What to do — Please find the line that holds "Retro Vintage 70er" below and reproduce it, along with every line after it through the end, exactly and without pictures.

Start of Data records

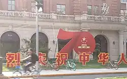 The capital was covered with red flags, adorning apartment compounds and neighbourhoods; banners reading "Today's China is the result of the work of Chinese people" were draped across overpasses, and topiaries were installed around the roads in Beijing.[8] The authorities gave out 620,000 television sets allowing those not invited to still be able to watch the festivities.[8]
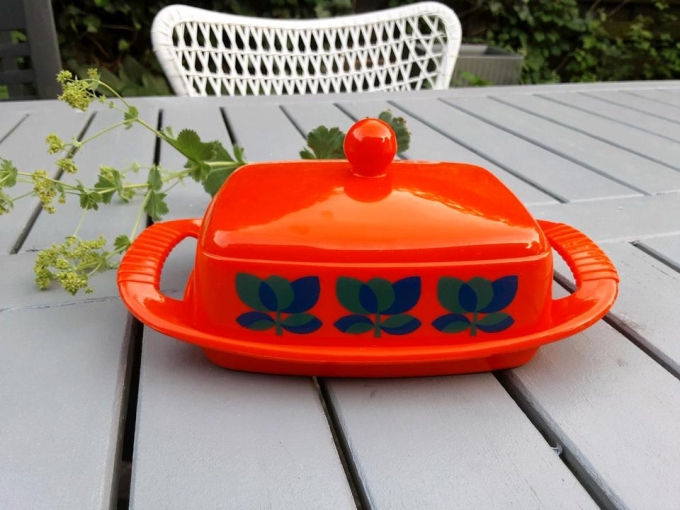 Retro Vintage 70er Emsa Butterdose Design Bologna Flower Power
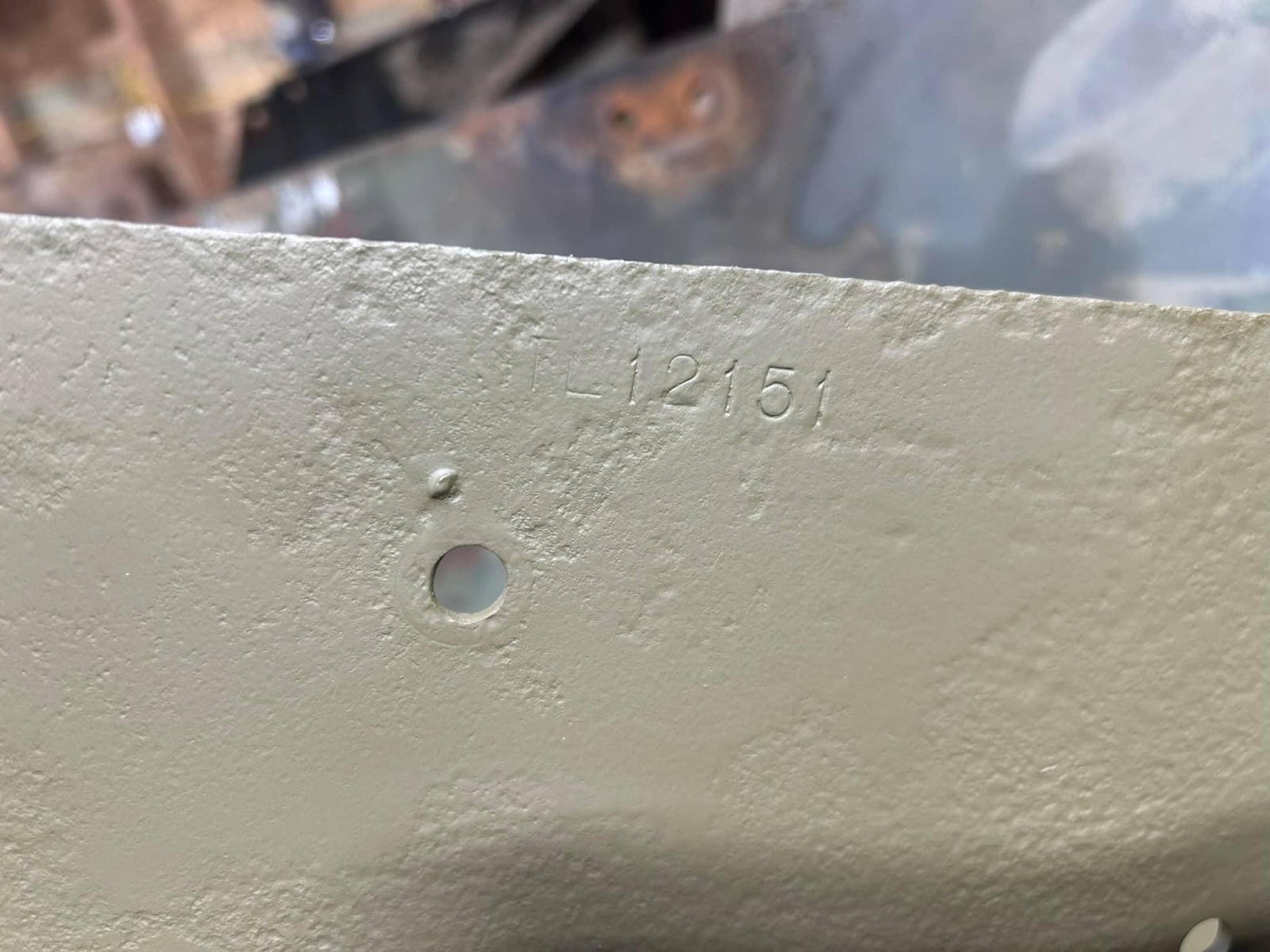 The turret gunners foot rest getting the full rebuild. It was in really great shape and just required a strip down, some minor welding and a repaint. The part was held in place by 4 rounded head slot screws that had seen better days. Access to the nuts was blocked by a frame cross member. I ended up using a Zip disk to cut off the heads of the screws. The downside to this was cutting a bit into the steel base just below the screw heads. So once the part was cleaned up I welded up the cut marks and ground them back down to make the mounting blocks flat again. As for cleaning up the part, it was given a quick needle scaler pass and then dropped into the citric acid bath. After 4 days I pulled it out and power washed it off. Pretty much all the left over paint came off and I had some pretty nice clean metal. It was given a spray of Zep degreaser, hosed off then finally sprayed with POR Metal Prep. Finally for painting I brushed on the POR15 and once slightly tacky it was over sprayed with the white paint.
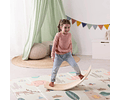 La tabla tiene una forma curva que la hace versátil y funcional. Su diseño permite a los niños usarla de múltiples maneras: como balancín, rampa, puente, tobogán, asiento, y mucho más. La curvatura está cuidadosamente diseñada para proporcionar un movimiento suave y seguro.
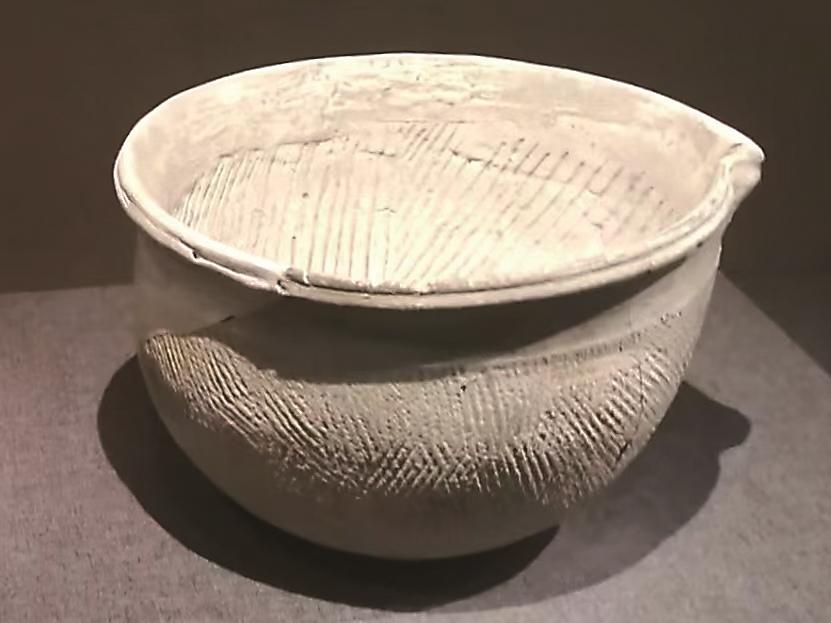 早期陶器因为是露天烧造,黏土中含铁量较高,所以器物基本都是三价铁离子呈现的砖红色。
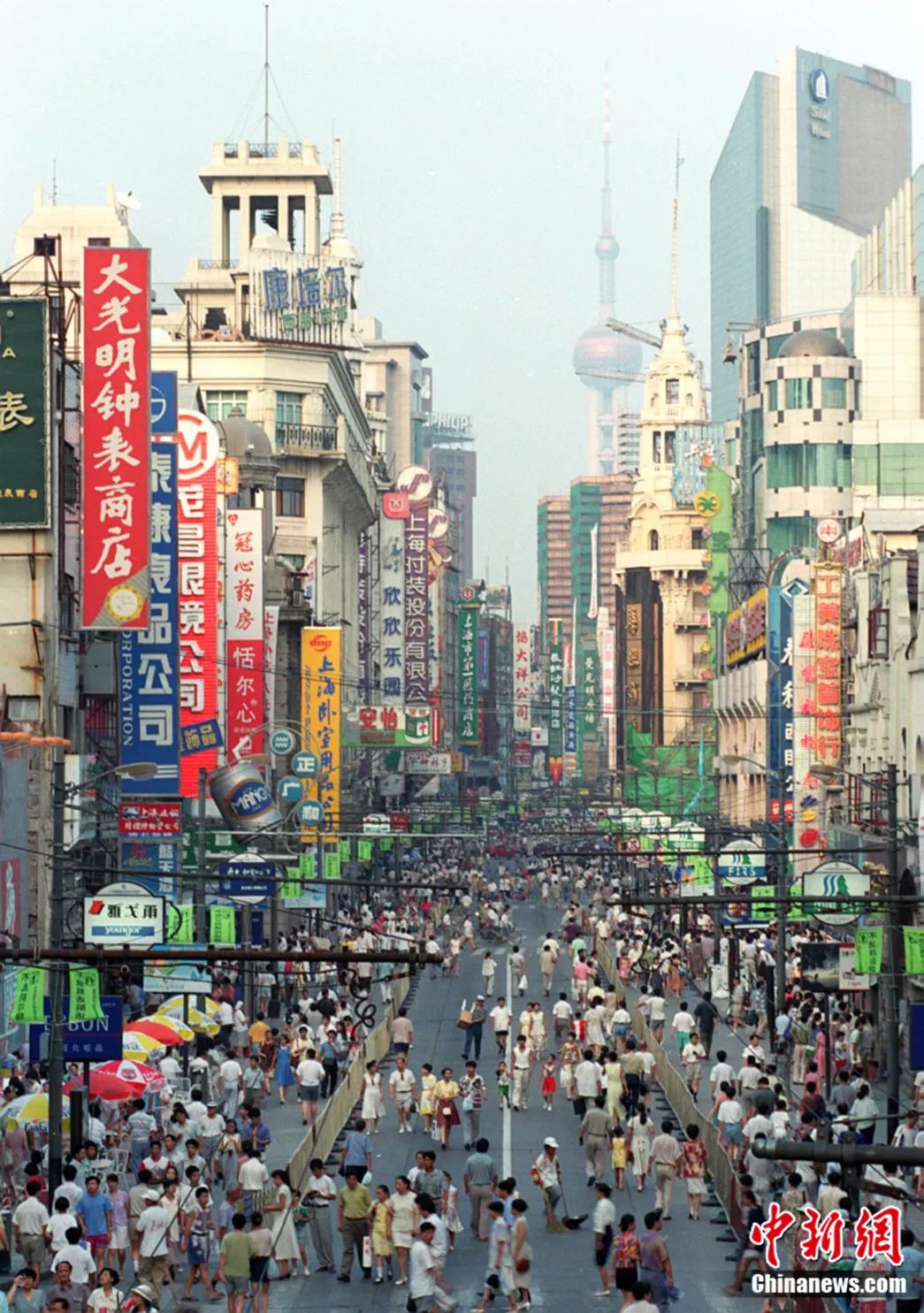 1995年,上海南京路步行街商家招牌林立,行人如織。陸濤 攝
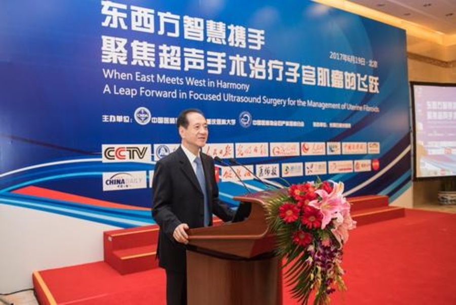 6月19日,中国医师协会、重庆医科大学及中国医师协会妇产科医师分会在全国政协礼堂联合举办“东西方智慧携手——聚焦超声手术治疗子宫肌瘤的飞跃”成果发布会。发布了十二五期间,重庆医科大学超声医疗国家工程研究中心牵头开展的国家支撑计划课题研究——“超声消融子宫肌瘤的前瞻性、多中心、同期非随机平行对照研究”的成果。全国政协副主席、九三学社中央主席、中科院院士韩启德,中国医师协会张雁灵会长,中国医师协会妇产科分会会长郎景和,英国牛津大学教授David William Cranston,九三学社重庆市渝中区委主委、重庆医科大学副校长杨竹出席并讲话。

End of Data records

Response for this exercise —
 Retro Vintage 70er Emsa Butterdose Design Bologna Flower Power
 The turret gunners foot rest getting the full rebuild. It was in really great shape and just required a strip down, some minor welding and a repaint. The part was held in place by 4 rounded head slot screws that had seen better days. Access to the nuts was blocked by a frame cross member. I ended up using a Zip disk to cut off the heads of the screws. The downside to this was cutting a bit into the steel base just below the screw heads. So once the part was cleaned up I welded up the cut marks and ground them back down to make the mounting blocks flat again. As for cleaning up the part, it was given a quick needle scaler pass and then dropped into the citric acid bath. After 4 days I pulled it out and power washed it off. Pretty much all the left over paint came off and I had some pretty nice clean metal. It was given a spray of Zep degreaser, hosed off then finally sprayed with POR Metal Prep. Finally for painting I brushed on the POR15 and once slightly tacky it was over sprayed with the white paint.
 La tabla tiene una forma curva que la hace versátil y funcional. Su diseño permite a los niños usarla de múltiples maneras: como balancín, rampa, puente, tobogán, asiento, y mucho más. La curvatura está cuidadosamente diseñada para proporcionar un movimiento suave y seguro.
 早期陶器因为是露天烧造,黏土中含铁量较高,所以器物基本都是三价铁离子呈现的砖红色。
 1995年,上海南京路步行街商家招牌林立,行人如織。陸濤 攝
 6月19日,中国医师协会、重庆医科大学及中国医师协会妇产科医师分会在全国政协礼堂联合举办“东西方智慧携手——聚焦超声手术治疗子宫肌瘤的飞跃”成果发布会。发布了十二五期间,重庆医科大学超声医疗国家工程研究中心牵头开展的国家支撑计划课题研究——“超声消融子宫肌瘤的前瞻性、多中心、同期非随机平行对照研究”的成果。全国政协副主席、九三学社中央主席、中科院院士韩启德,中国医师协会张雁灵会长,中国医师协会妇产科分会会长郎景和,英国牛津大学教授David William Cranston,九三学社重庆市渝中区委主委、重庆医科大学副校长杨竹出席并讲话。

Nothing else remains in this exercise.